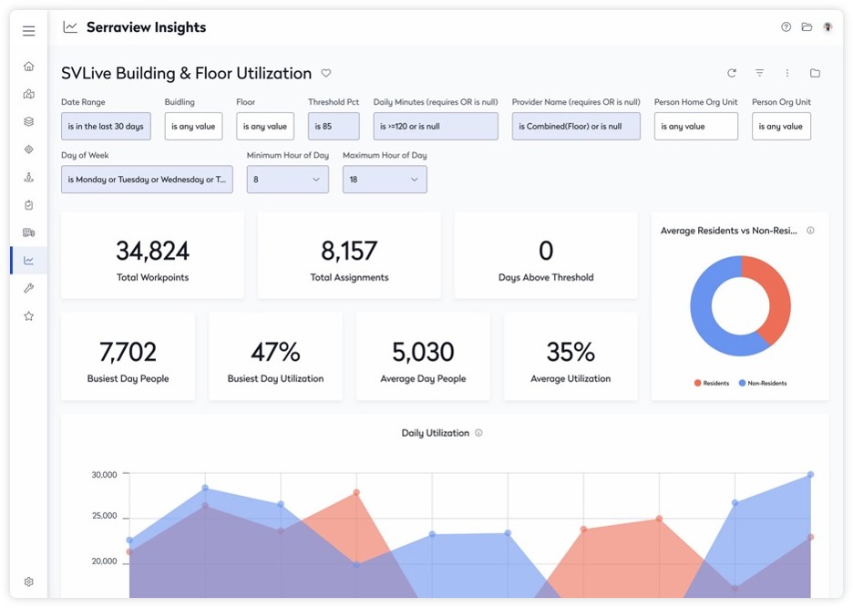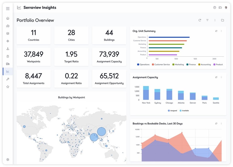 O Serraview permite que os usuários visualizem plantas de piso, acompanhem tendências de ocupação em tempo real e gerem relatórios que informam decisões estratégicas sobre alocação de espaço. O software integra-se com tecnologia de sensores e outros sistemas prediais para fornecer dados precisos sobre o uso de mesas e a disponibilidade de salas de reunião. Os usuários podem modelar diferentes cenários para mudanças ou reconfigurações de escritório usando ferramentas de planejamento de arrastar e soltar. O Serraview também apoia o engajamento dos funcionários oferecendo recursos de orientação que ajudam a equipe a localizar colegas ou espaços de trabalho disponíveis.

---

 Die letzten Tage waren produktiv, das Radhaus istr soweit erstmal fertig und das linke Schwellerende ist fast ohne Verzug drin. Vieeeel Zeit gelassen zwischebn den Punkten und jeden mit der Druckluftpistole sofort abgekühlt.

--

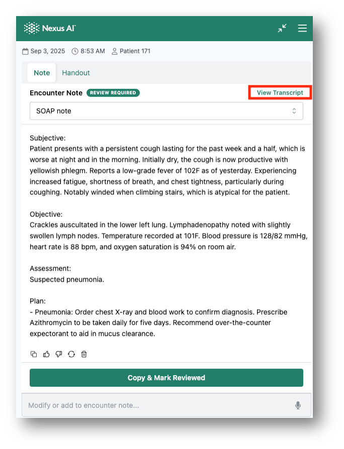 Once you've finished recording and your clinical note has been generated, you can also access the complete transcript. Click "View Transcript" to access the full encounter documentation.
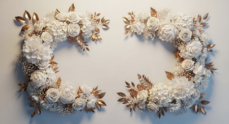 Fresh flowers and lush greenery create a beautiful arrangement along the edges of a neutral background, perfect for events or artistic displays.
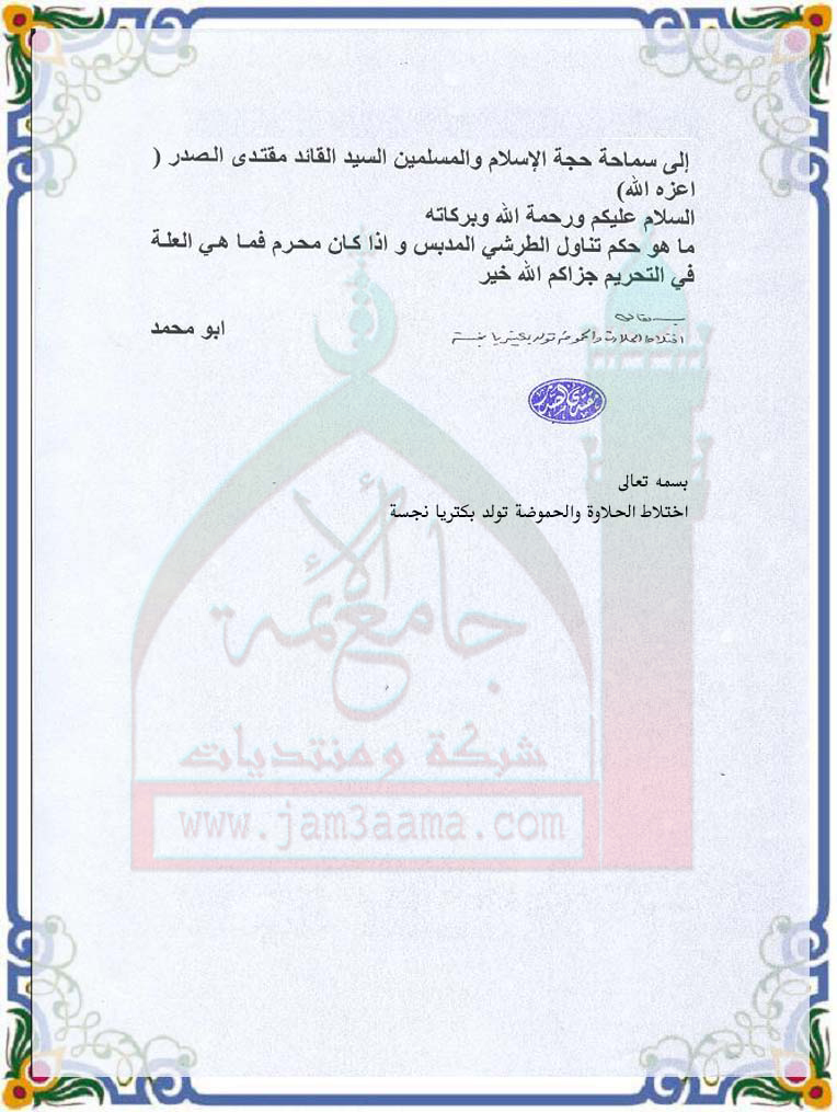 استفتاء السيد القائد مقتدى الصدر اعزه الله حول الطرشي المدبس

▶ WHAT TO WORK ON
Using the entries above, transcribe exactly from the line that has "Fresh flowers and" through the line that has "استفتاء السيد القائد". Pictures are dropped.

▶ WRITTEN RESPONSE
 Fresh flowers and lush greenery create a beautiful arrangement along the edges of a neutral background, perfect for events or artistic displays.
 استفتاء السيد القائد مقتدى الصدر اعزه الله حول الطرشي المدبس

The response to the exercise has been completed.